• AVAILABLE DATA

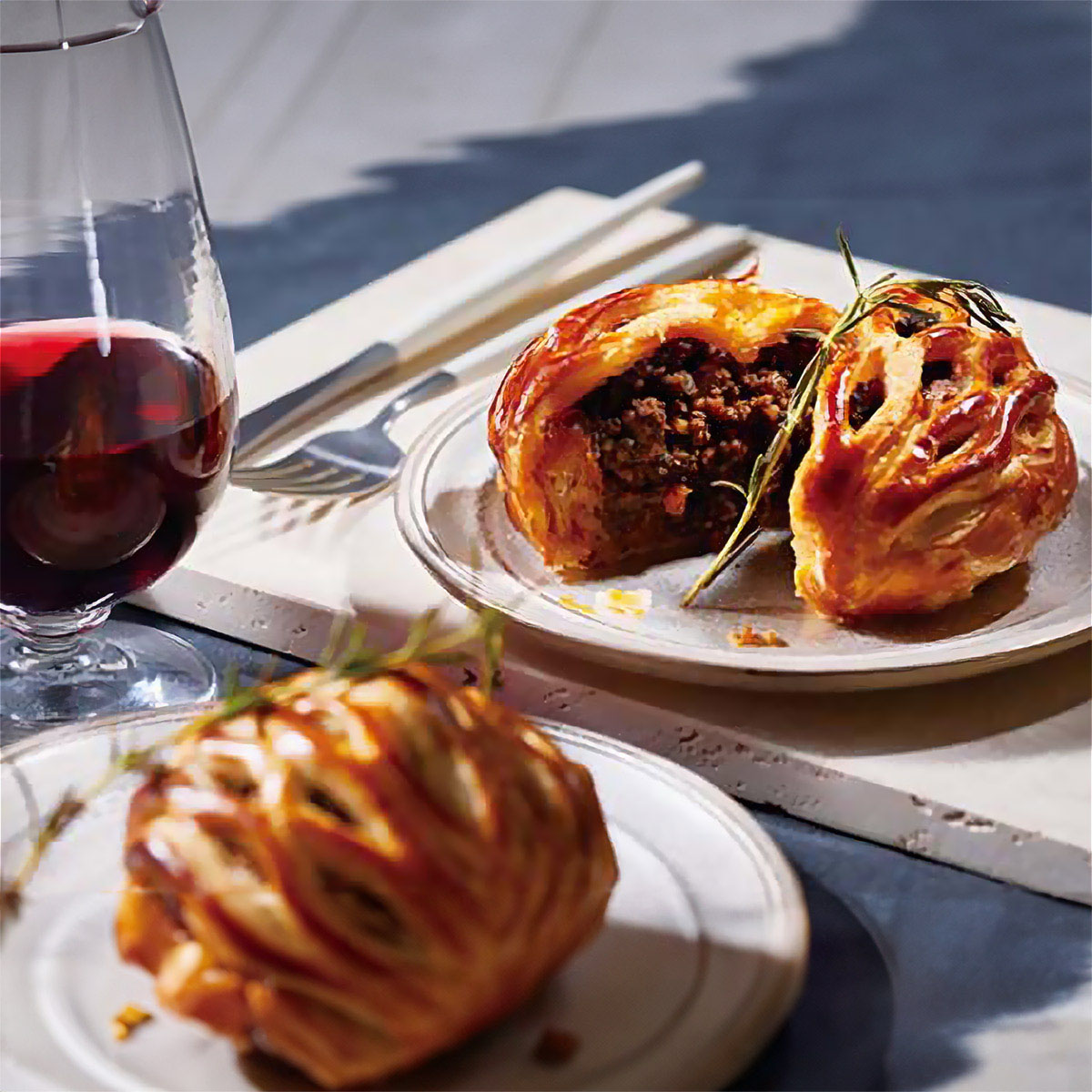 華やかな風味がひろがる。ローストビーフ専門店が作り上げた、濃厚な味わいと香りのミートパイです。ふんだんに使用した牛肉と長時間煮込んだ野菜の甘みがぎゅっと詰まったボロネーゼに黒トリュフを合わせ、パイ生地で包み込み香りと旨味を閉じ込めました。サクサクとした焼き立ての食感をそのままに、超冷凍技術を使用してお届けします。
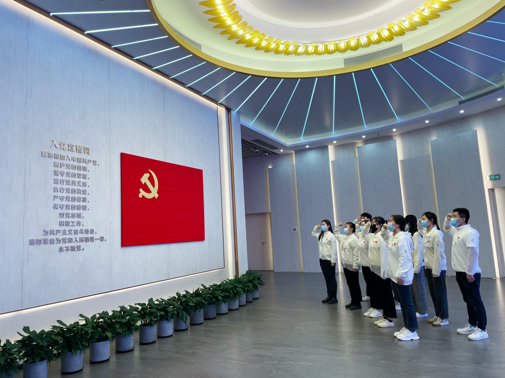 在一天的志愿服务工作结束后,在宣誓厅内中国共产党党旗前,支部党员们一同高举右拳,重温入党誓词。一句句铮铮誓言更加坚定了党员们为人民服务的初心和信念。
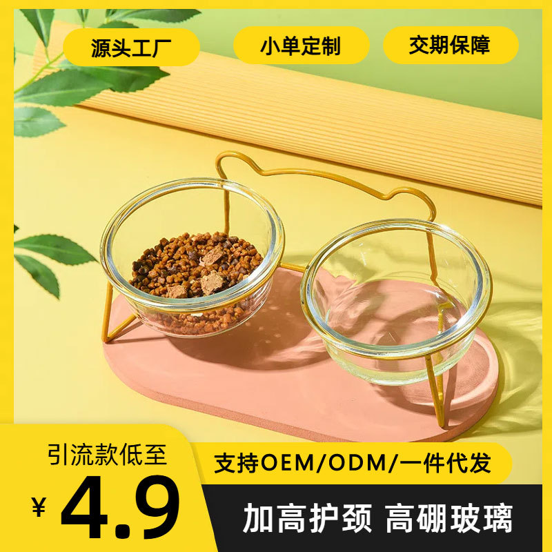 ペットの猫の碗のガラスの双碗は頚椎の固定の傾斜を保護します。
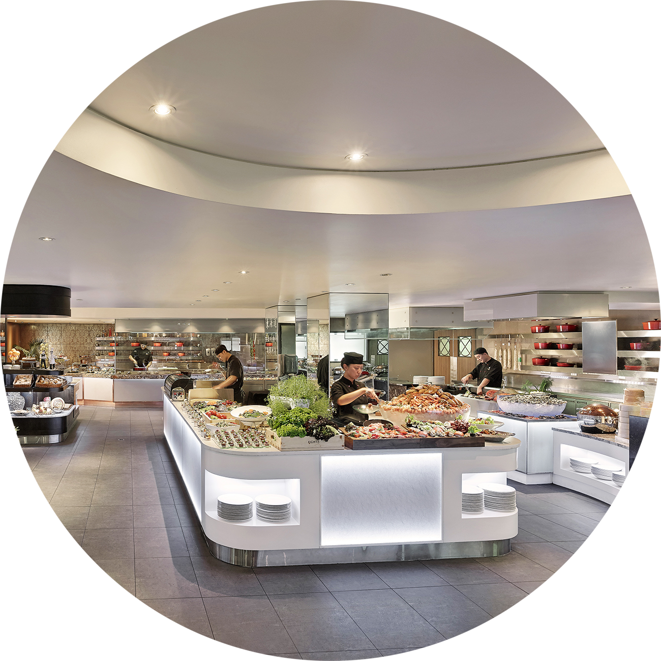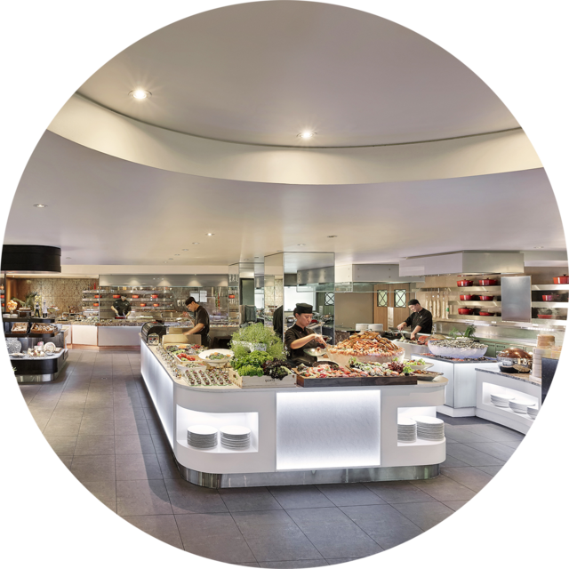 Eight restaurant offers a unique interactive dining experience featuring the delicious flavours of eight international kitchens. Watch as your meal is created to your taste, from freshly made sushi and sashimi to a succulent cut of meat grilled to order. Enjoy as many dishes as you please from our eight kitchens, and find the perfect match with our selection of the finest wines, beers and beverages.

• PROBLEM DETAILS
Give back the material exactly as written, from its first line to the line that contains "ペットの猫の碗のガラスの双碗は頚椎の固定の傾斜を保護します。", and leave out the pictures.

• FINISHED TASK
 華やかな風味がひろがる。ローストビーフ専門店が作り上げた、濃厚な味わいと香りのミートパイです。ふんだんに使用した牛肉と長時間煮込んだ野菜の甘みがぎゅっと詰まったボロネーゼに黒トリュフを合わせ、パイ生地で包み込み香りと旨味を閉じ込めました。サクサクとした焼き立ての食感をそのままに、超冷凍技術を使用してお届けします。
 在一天的志愿服务工作结束后,在宣誓厅内中国共产党党旗前,支部党员们一同高举右拳,重温入党誓词。一句句铮铮誓言更加坚定了党员们为人民服务的初心和信念。
 ペットの猫の碗のガラスの双碗は頚椎の固定の傾斜を保護します。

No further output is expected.